*SOURCE DATA*:
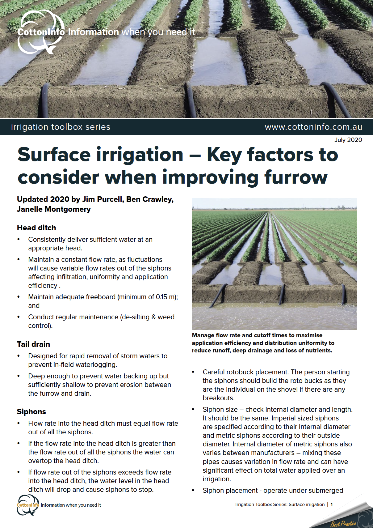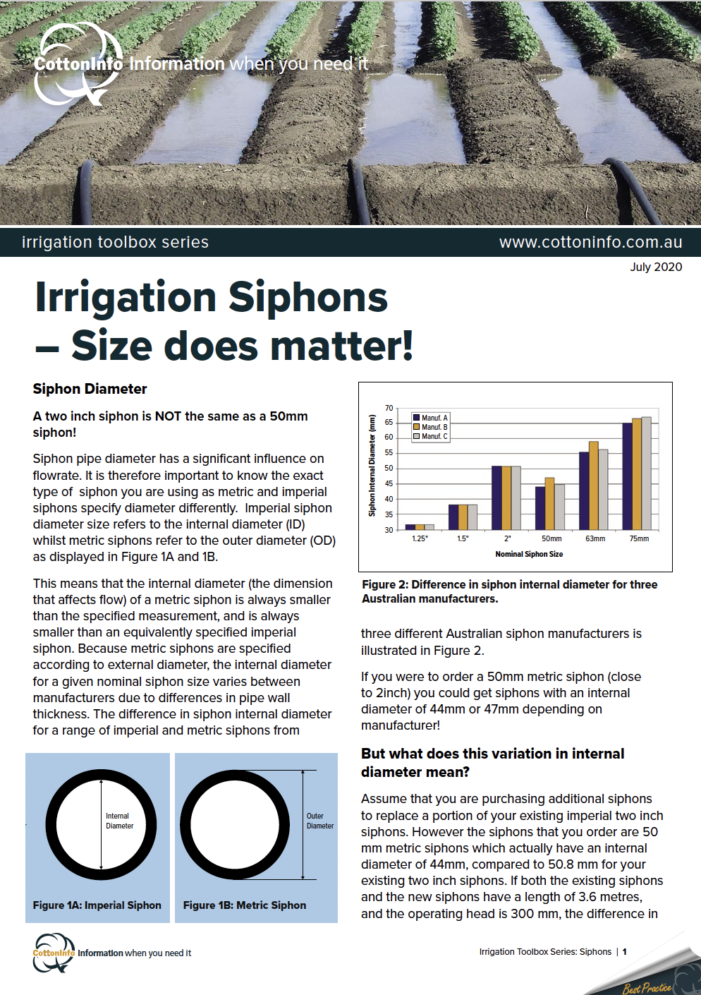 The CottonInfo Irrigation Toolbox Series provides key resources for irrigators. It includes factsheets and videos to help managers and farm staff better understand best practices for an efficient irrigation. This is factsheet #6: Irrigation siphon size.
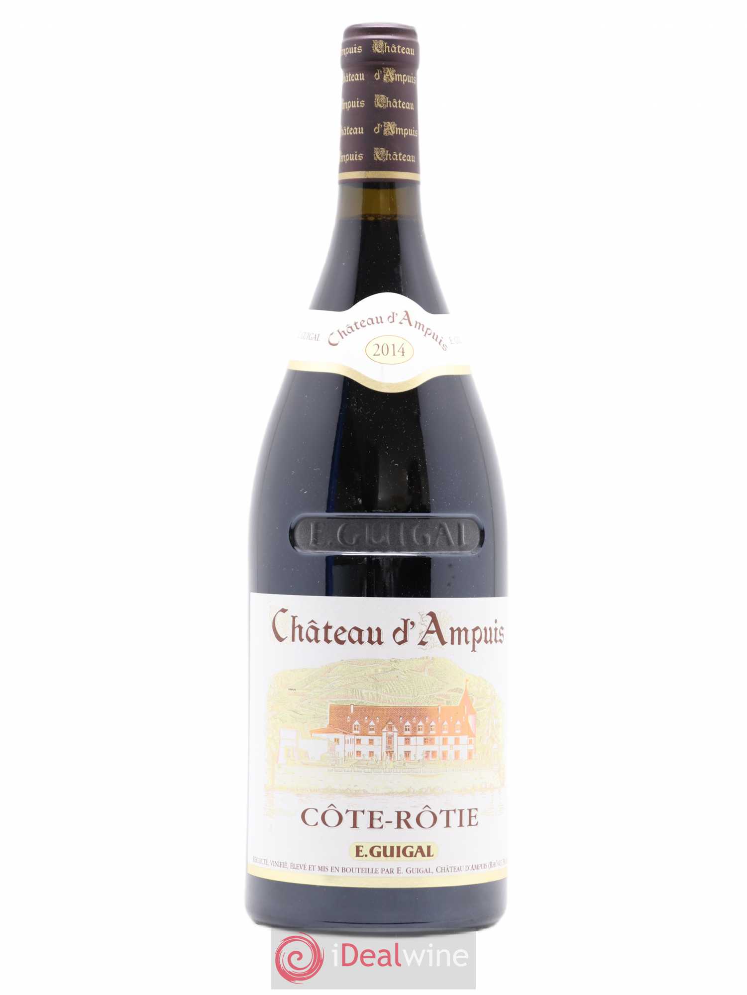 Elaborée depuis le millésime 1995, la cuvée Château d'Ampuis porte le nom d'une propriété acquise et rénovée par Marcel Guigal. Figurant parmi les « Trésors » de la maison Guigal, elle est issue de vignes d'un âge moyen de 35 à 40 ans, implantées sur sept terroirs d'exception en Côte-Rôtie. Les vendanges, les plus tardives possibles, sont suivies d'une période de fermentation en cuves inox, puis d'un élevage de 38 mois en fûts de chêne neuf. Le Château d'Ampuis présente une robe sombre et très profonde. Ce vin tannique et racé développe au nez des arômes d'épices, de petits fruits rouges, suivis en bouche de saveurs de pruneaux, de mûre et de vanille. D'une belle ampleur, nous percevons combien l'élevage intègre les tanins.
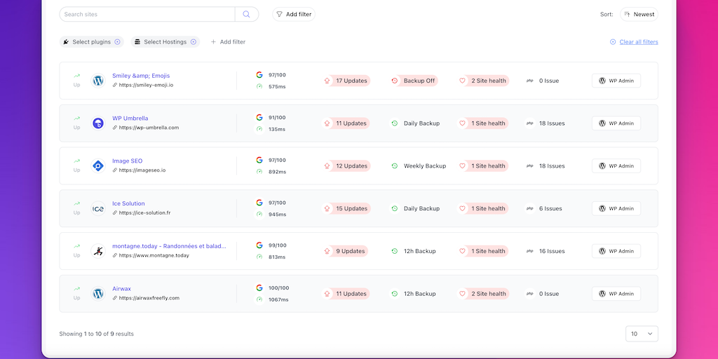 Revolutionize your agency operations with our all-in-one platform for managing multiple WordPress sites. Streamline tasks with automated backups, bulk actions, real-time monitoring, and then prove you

*YOUR OBJECTIVE*: Your task is to repeat the material above exactly, without its pictures.

*TASK SOLUTION*:
 The CottonInfo Irrigation Toolbox Series provides key resources for irrigators. It includes factsheets and videos to help managers and farm staff better understand best practices for an efficient irrigation. This is factsheet #6: Irrigation siphon size.
 Elaborée depuis le millésime 1995, la cuvée Château d'Ampuis porte le nom d'une propriété acquise et rénovée par Marcel Guigal. Figurant parmi les « Trésors » de la maison Guigal, elle est issue de vignes d'un âge moyen de 35 à 40 ans, implantées sur sept terroirs d'exception en Côte-Rôtie. Les vendanges, les plus tardives possibles, sont suivies d'une période de fermentation en cuves inox, puis d'un élevage de 38 mois en fûts de chêne neuf. Le Château d'Ampuis présente une robe sombre et très profonde. Ce vin tannique et racé développe au nez des arômes d'épices, de petits fruits rouges, suivis en bouche de saveurs de pruneaux, de mûre et de vanille. D'une belle ampleur, nous percevons combien l'élevage intègre les tanins.
 Revolutionize your agency operations with our all-in-one platform for managing multiple WordPress sites. Streamline tasks with automated backups, bulk actions, real-time monitoring, and then prove you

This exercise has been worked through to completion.